Search engines use URLs to amass all the data they gather pertaining a page of content. The design of a URL can make the difference in regard to ranking aided by search engine optimization. They are various things that matter in a URL while others don't.

After choosing a domain name, optimizing the URLs for your pages is the next SEO step. SEO for your page URLs is important because keywords in the URL are a ranking factor and short and descriptive URLs can help with link building and user interaction. Like your visitors, search engines read a URL to get a clue for the contents of the page. Hashbang (#!) (and escapedfragments URLs) – Hashbang URLs were a hack to support crawlers (Google wants to avoid now and only Bing supports). Many a moon ago, Google and Bing developed a complicated AJAX solution, whereby a pretty (#!) URL with the UX co-existed with an equivalent escapedfragment HTML-based experience for bots.

The Senior Customer Success Manager of Semalt Digital Services, Jack Miller, provides the tips how to boost your SEO with perfect URLs.

Uniform Resource Locators (URLs) inform browsers and servers where to locate a page. These links are in a format readable by human beings, and their role is to cover IP addresses based on underlying numbers.

For a URL to be considered friendly, it must contain words as opposed to long lists of letters and numbers. They are effective since they are in a human readable format and the minimal keyword relevance indicators they relay to search engines. In most cases, the URLs created automatically by your platform are not friendly. However, the majority of the platforms currently, allows you to make URLs friendly by changing the default letters and numbers in the hierarchy of a site using names of pages and paths.

Consider the following two examples of URLs.

  • https://www.example.com/acaciagoods/purchases?outraange=1879a89sd8904rg4df556ju&purchasesid=7893489
  • https://www.example.com/men-wears/timber/brandx-gekkel-penny-loafer-7893489

Despite the fact that the second URL is not much shorter, one can easily tell what the web user will get: a page related to men's wear.

Creating Optimal URLs

The following are the requirements of best URLs for SEO:

  • The URLs should be short as possible and void of extra words or folders.
  • The presence of alphanumeric characters in lowercase only. Using lowercase minimizes the risk of content duplication.
  • Using hyphens to separate words. Spaces and underscores should be avoided since search engines consider words separated by these marks to be single long words.
  • Applying keywords when possible.

Use of keywords results in better ranking and also enhances user experience.

HTTPS Preference

Google opts to enhance the ranking of secure platforms hosted on the HTTPS protocol. Studies indicate that approximately over 50% of the search outcomes on a page originate from sites on HTPPS.

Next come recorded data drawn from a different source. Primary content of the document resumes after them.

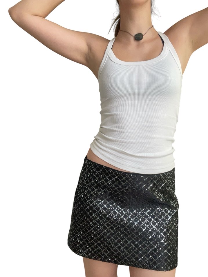 Siyah İşlemeli Payetli Mini Etek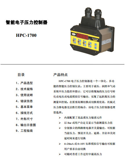 HPC-1700-16,HCP-1700-40,HCP-1700-100,HCP-1700-250,HCP-1700-400,HCP-1700-600智能電子壓力控制器
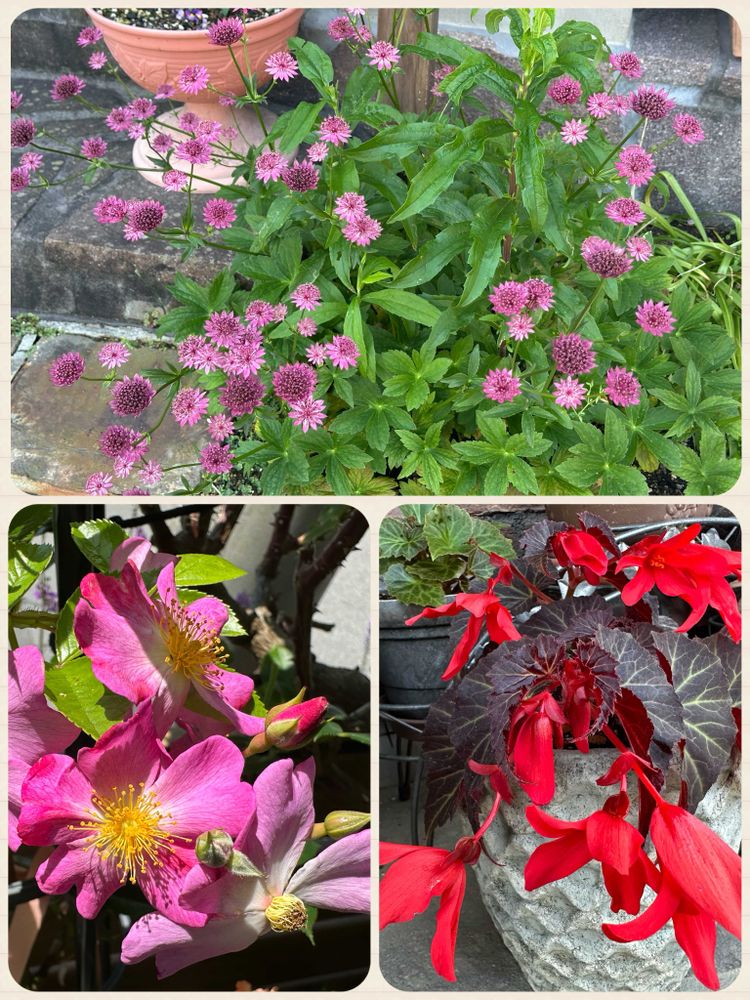 ①玄関前はアストランティアがずっと咲いていますし、球根ベコニア達も咲き出しました✨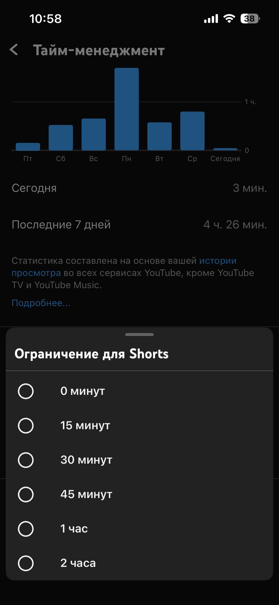 Теперь из мобильного приложения YouTube для Android и iOS можно практически полностью убрать вертикальные ролики. Для этого в настройки тайм-менеджмента возможность установить лимит на просмотр роликов Shorts в ноль минут. Раньше минимальный порог составлял 15 минут, что оставляло лазейку для бесконечного скроллинга.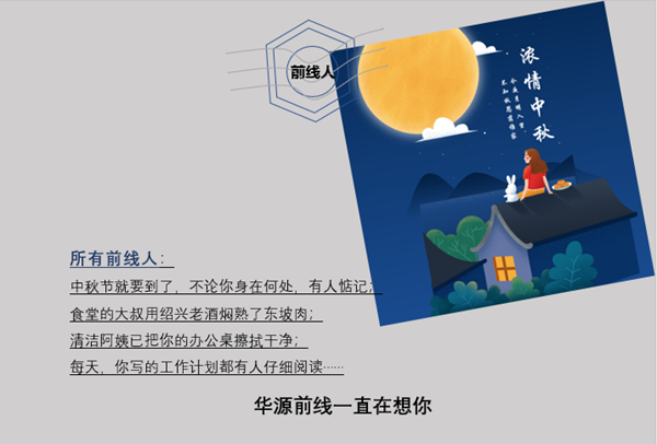 請接收一份來自公司的輕聲問候;“華源前線在想你”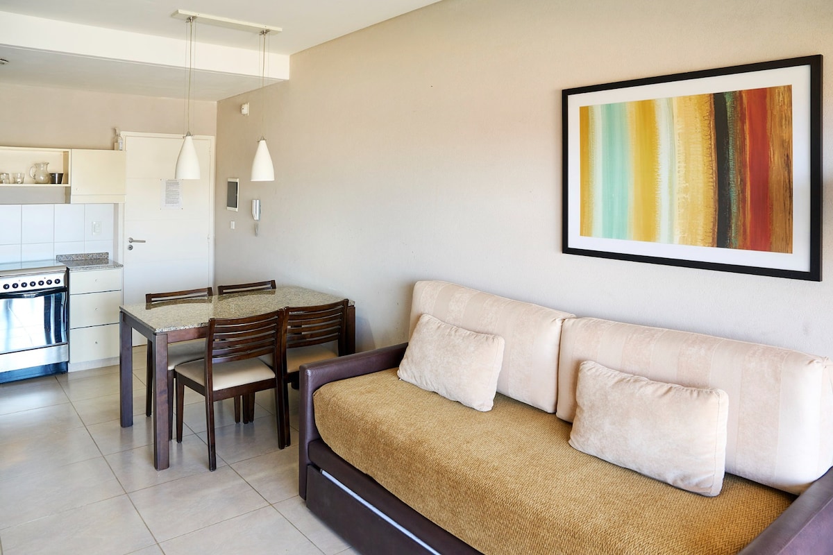 Monoambiente muy luminoso SOBRE LA PLAYA,dentro de un complejo con amenities. Capacidad máxima: 2 adultos y un niño Se accede por ascensor, y un piso por escaleras Incluye el servicio de limpieza, toallas y sábanas. Cuenta con una cama dos plazas y un sofá cama para un niño pequeño. WIFI Cochera ext. semi cubierta. Piscina interior climatizada y dos exteriores (en temporada alta) No cuenta con parrilla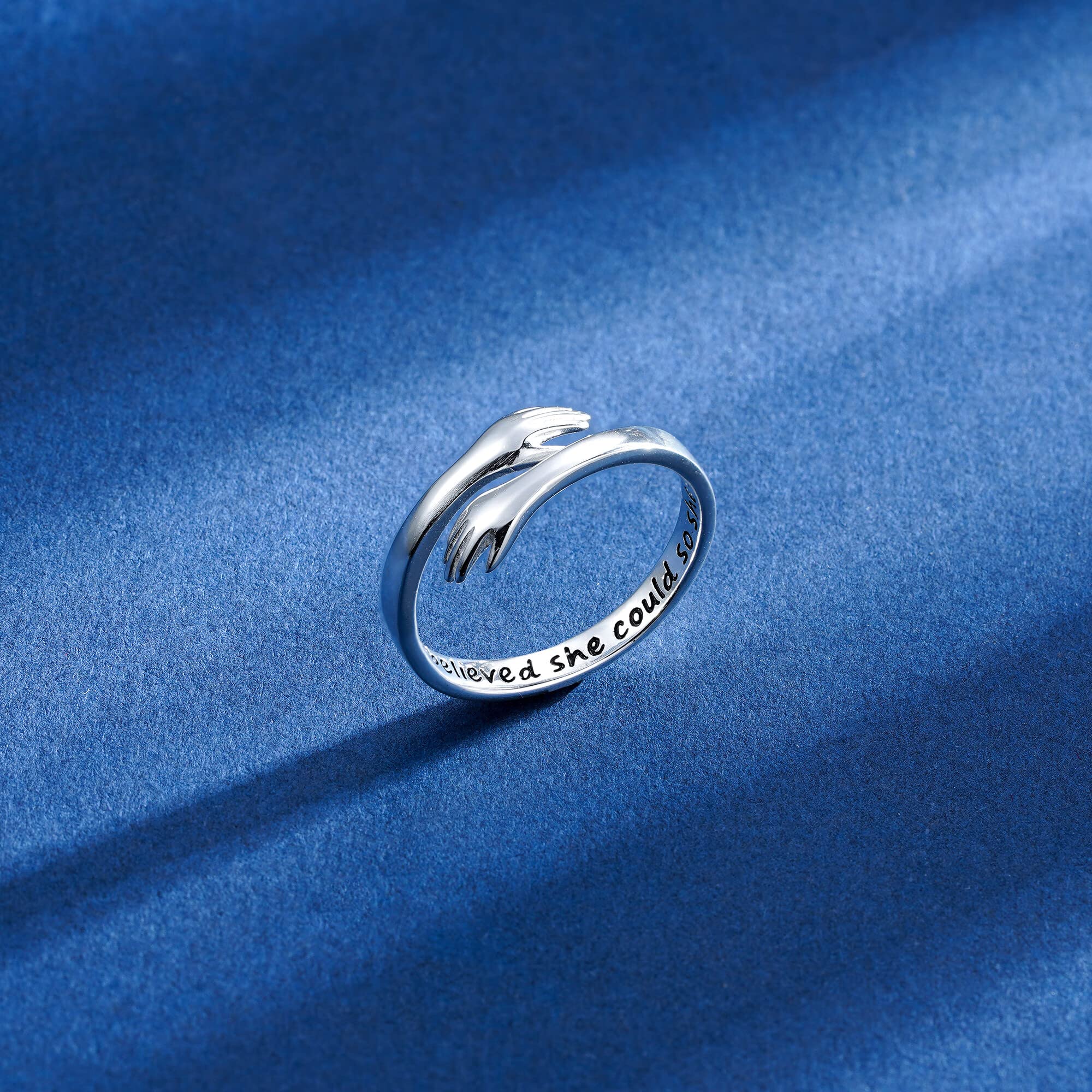 A hug is a symbol of comfort, encouragement, love, and protection. Engraved “She believed she could so she did”on arms to endow a unique meaning to this hug ring.It means wherever you are I will be always with you like this hug ring hugging you forever.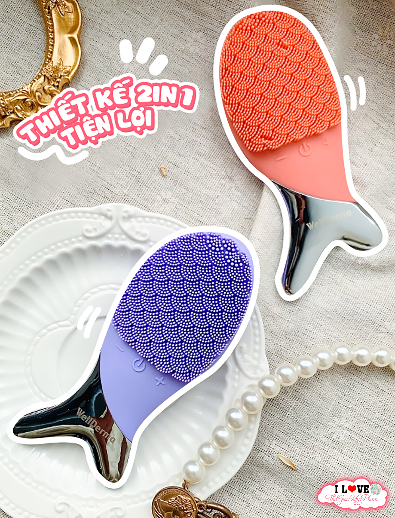✔ Máy rửa mặt WellDerma Cleansing Fish mẫu mới hỗ trợ cho những người make up, dùng nhiều loại mỹ phẩm, kem chống nắng.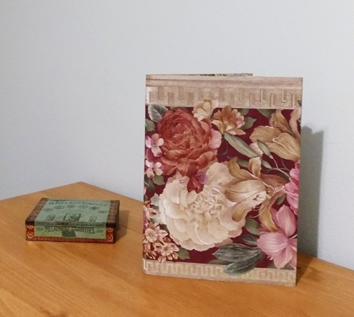 I fit the wallpaper border remnant as the outside cover for both the front and back covers, and folded the ends over inside before I glued that on and left it to dry overnight: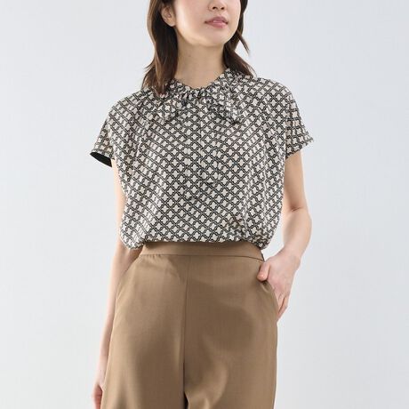 モロッカン調のジオメトリックプリントをあしらったリボントップス。前身頃に柄生地、後身頃にカットソー素材を使用したドッキングデザインで、見た目の華やかさと着心地の良さを両立しています。首元のリボンがコーディネートのポイントになり、一枚でも着用しやすいデザイン。クラシックな柄と落ち着いた配色で、きれいめからシックなスタイリングまで幅広く合わせやすい一着です。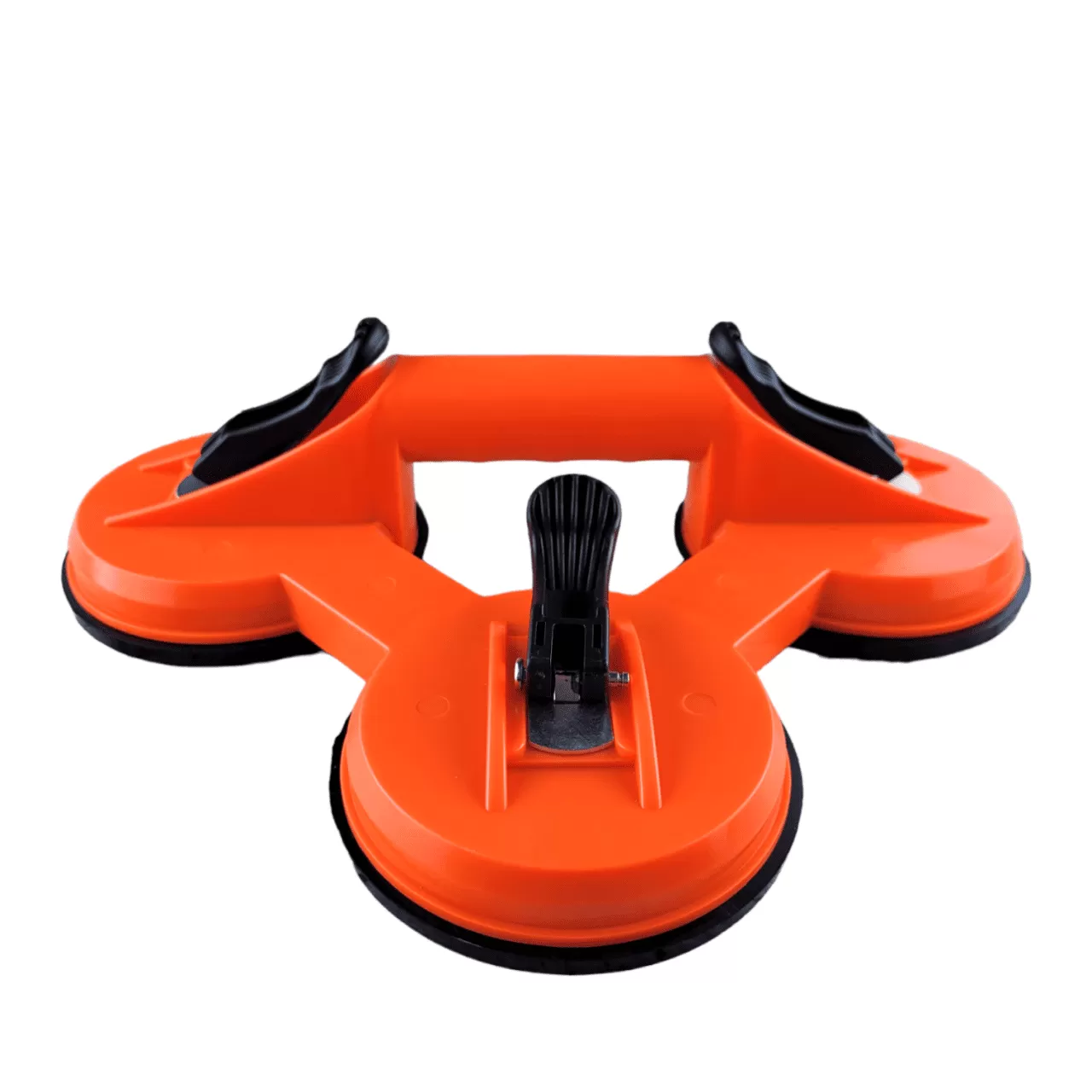Присоска для стекла тройная пластиковая предназначена для транспортировки листового металла и стекла, глазурованной кафельной плитки и пластика. Корпус изготовлен из ударопрочного ABS пластика. Благодаря трем мощным вакуумным присоскам диаметром по 12см., инструментом можно поднять тяжелый хрупкий груз. Перед применением требуется обязательно обезжирить поверхность поднимаемого изделия.

The substitution of HTTP with HTTPS is a URL change, with a significant amount of risks. Google regards the migration as pretty good since the protocol is considered secure. However, 301 directs should be applied to enhance transition and performance need to be evaluated to uncover possible issues.

Hashtags in URLs

JavaScript is either regarded as universally crawlable or bad by SEO experts depending on whether or not they believe Google's declaration that 'we normally render and comprehend your websites like modern search engines'.

Content that can be optimally crawled is dominated by the intonation of one URL for the single page of content. AJAX makes a single URL for a myriad of pages of content, particularly depriving the search engines an exceptional page label to which, they can link authority signals and relevance.

When to optimize URLs

The perfect times to optimize URLs are platform redesigns and migration. As technology or site technology changes, platform redesigns are likely to change and thus, it's an ideal time to insert requirements regarding URL syntax and content.

It is important to note that your URLs should be optimized only if it needs to technical reasons or redesign measure to avoid risks.

Everyone loves “hacks.”

I’m no exception––I love finding ways to make my life better and easier.

That’s why the technique I’m going to tell you about today is one of my absolute favorites. It’s a legitimate SEO hack that you can start using right away.

It’s a way to increase your SEO by taking advantage of a natural part of every website that rarely gets talked about. It’s not difficult to implement either.

It’s the robots.txt file (also called the robots exclusion protocol or standard).

This teeny tiny text file is part of every website on the Internet, but most people don’t even know about it.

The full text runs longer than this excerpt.